Can A Logo Make You More Creative?

Published April 14, 2008 2:48 PM by Bob Mitchell

So here's the deal, I work in a creative environment, but I have to disagree with the recent announcement that viewing Apple's logo makes one more creative than IBM's logo does.

Come on, they're just logos. They're nothing but a company's brand. I like Merion Publications' logo better than the two I stared at the other day (Apple and IBM). If you open a copy of your recent print issue of ADVANCE for Health Information Executives, you will see our logo at the bottom of page 4, next to the words "Merion Publications, Inc." It kind of looks like a tree with branches. What do you see? Does our logo make you more creative?

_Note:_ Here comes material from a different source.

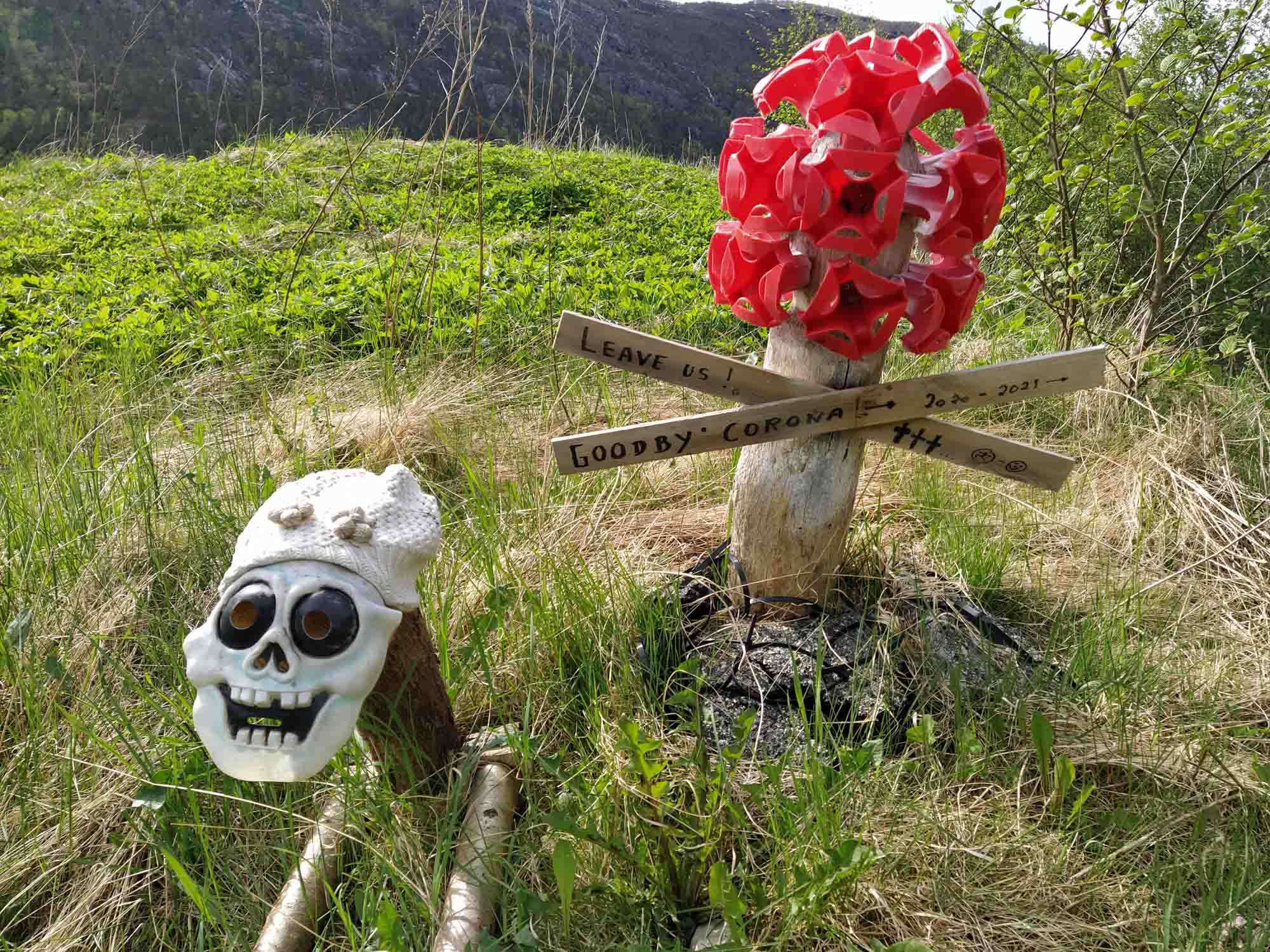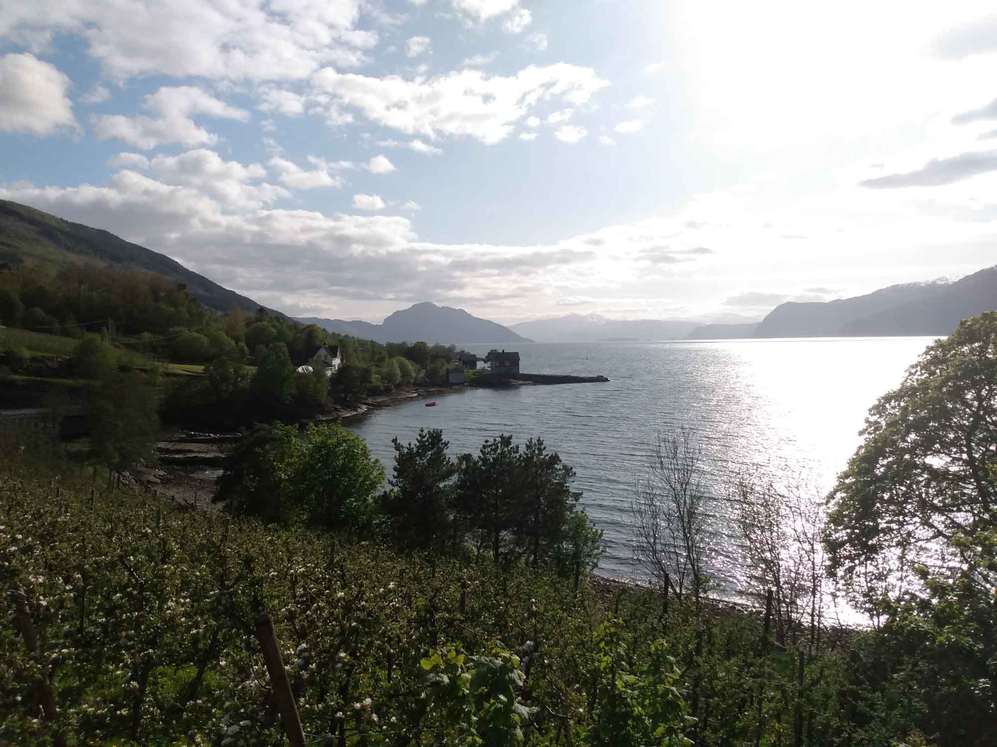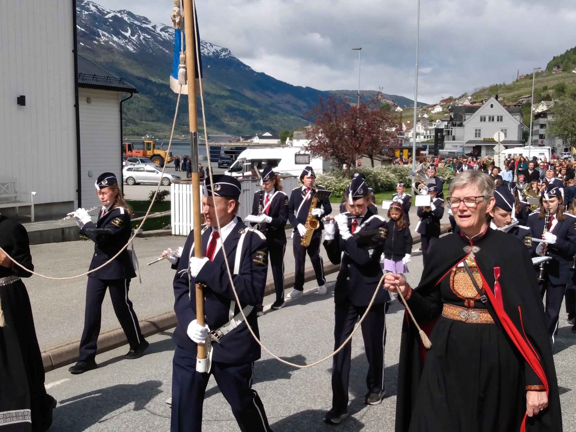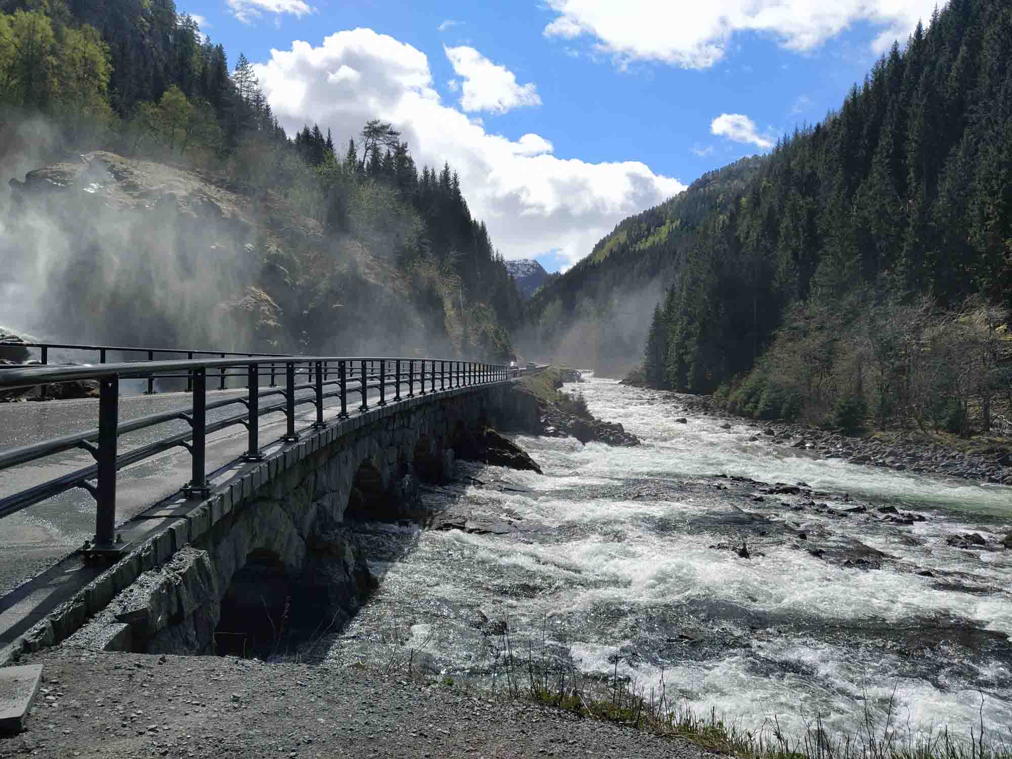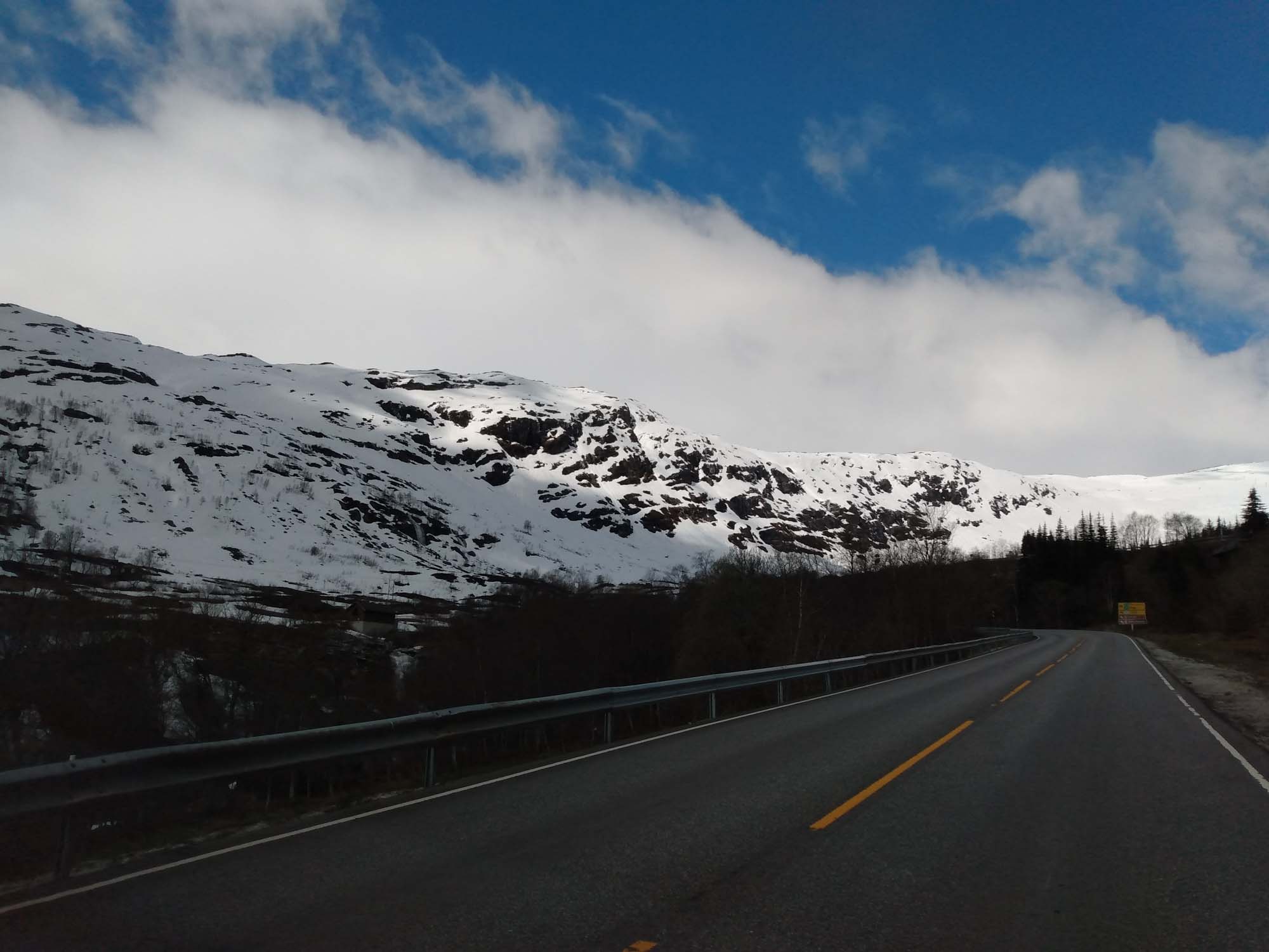 Die Sonne lachte mal wieder. Nachdem wir Berta noch einmal eine Runde über den Platz am Wasser geführt und gefrühstückt haben, fuhren wir weiter der Landschaftsroute Ryfylke folgend bis zum See Raldalsvatnet. Diesen bekamen wir nur kurz zu sehen, weil die Straße entlang des Sees die meiste Zeit durch einen Tunnel führte. Danach folgten wir der E13 nach Nordwesten und kamen immer höher, bis wir uns plötzlich mittem im Schnee in einem Skigebiet wiederfanden. Die Saison war vorbei und die Lifte standen. Aber es wäre immer noch reichlich Schnee für eine Abfahrt da gewesen. Danach ging es schnell wieder abwärts. Am Wasserfall Låtefossen machten wir einen Halt für Fotos und einen Drohnenflug. Das Tal war sehr eng und der Wasserfall ziemlich hoch. Kein Wunder, dass der kleine Parkplatz direkt an der Straße lag. Wir fuhren weiter und erreichten bei Odda einen Seitenarm des Hardangerfjords. Da heute Nationalfeiertag war, scheiterte der Versuch eines Einkaufs kläglich. Alles aber auch wirklich alles war geschlossen. Stattdessen sahen wir viele Norweger, die in Nationaltracht herumliefen. Sie versammelten sich an verschiedenen Plätzen in dem kleinen Ort, um dem Festumzug zuzusehen. Auch wir mussten einen Moment anhalten, um den Musikern und dem nachfolgenden Tross zuzusehen. Danach folgten wir dem Wasser bis nach Kirsavik. Hier fuhren wir ein kleines Stück in das Landesinnere und wanderten von dort zum nächsten Wasserfall, dem Tveitafossen. Wir hätten auch noch 3 weitere Wasserfälle erwandern können, aber das war uns denn doch zu weit. Anschließend ging es mit der Fähre nach Utne, einem kleinen sehr hübschen weißen Dorf, das wir uns aber lediglich im Vorbeifahren ansahen. Weiter ging es jetzt am Hardangerfjord entlang auf einer kleinen einspurigen Straße bis kurz hinter Jondal, wo wir morgen die Fähre nehmen würden. Den Stellplatz, den wir uns ausgesucht hatten, erreichten wir leider nicht. 150 m vor dem Parkplatz war ein Schild, dass auf eine private Mautstraße hinwies. Bezahlen konnte man nur mit Bargeld. Und das hatten wir nicht, da in Norwegen ansonsten alles mit Karte bezahlt wird. Aber es fand es sich ein Parkplatz entlang der wenig befahrenen Straße, der uns für eine Nacht völlig genügte.

I used to work for a workers' compensation administrator in Valley Forge, Pa. Rumor had it that the company's logo was designed by the CEO's daughter on a spirograph toy one sunny summer afternoon.

Last month, researchers at Duke University's Fuqua School of Business and Canada's University of Waterloo announced results of a study that determined that Apple's logo can make you more creative than IBM's logo can.

Professors Gavan J. Fitzsimons and Tanya L. Chartrand at Duke examined whether brand exposure elicits automatic behavioral effects as does exposure to social primes. Results from the research supposedly support the translation of these effects. Participants in the research showed more creative behavior after viewing the Apple rainbow logo than the IBM logo, after just 30 milliseconds of exposure. Also, participants in the research study who looked at Disney's branding and logo were more honest than when they viewed E! logo.

The hypothesis for the professor's research was that exposure to goal-relevant brands (i.e., representing a positive value characteristic) elicits behaviors that are goal-directed in nature.

According to a report in InformationWeek, the findings may stir up the debate about subliminal advertising, something that until recently was viewed as nothing more than a hoax.

Professor Chartrand told the technology magazine that, "what we found is that people who were subliminally primed to the Apple logo were more creative than people who had been subliminally primed to the IBM logo. The Apple logo was the old rainbow logo, not the current logo.

I have to tell you, I stared at the IBM and Apple logos, and I like IBM's better. I like how the lines run through the letters I, B and M. I was drawn to the IBM logo. I immediately thought of Big Blue, and felt like the company IBM had a strong corporate entity, because of its logo. In contrast, Apple's earlier rainbow logo made me feel like I wanted to kick back and take the rest of the afternoon off.

 

Do you feel more creative after looking at Apple's rainbow logo than after looking at IBM's logo? What about Merion Publications logo? Does ours make you feel more creative?

Take a look at them and tell me what you think.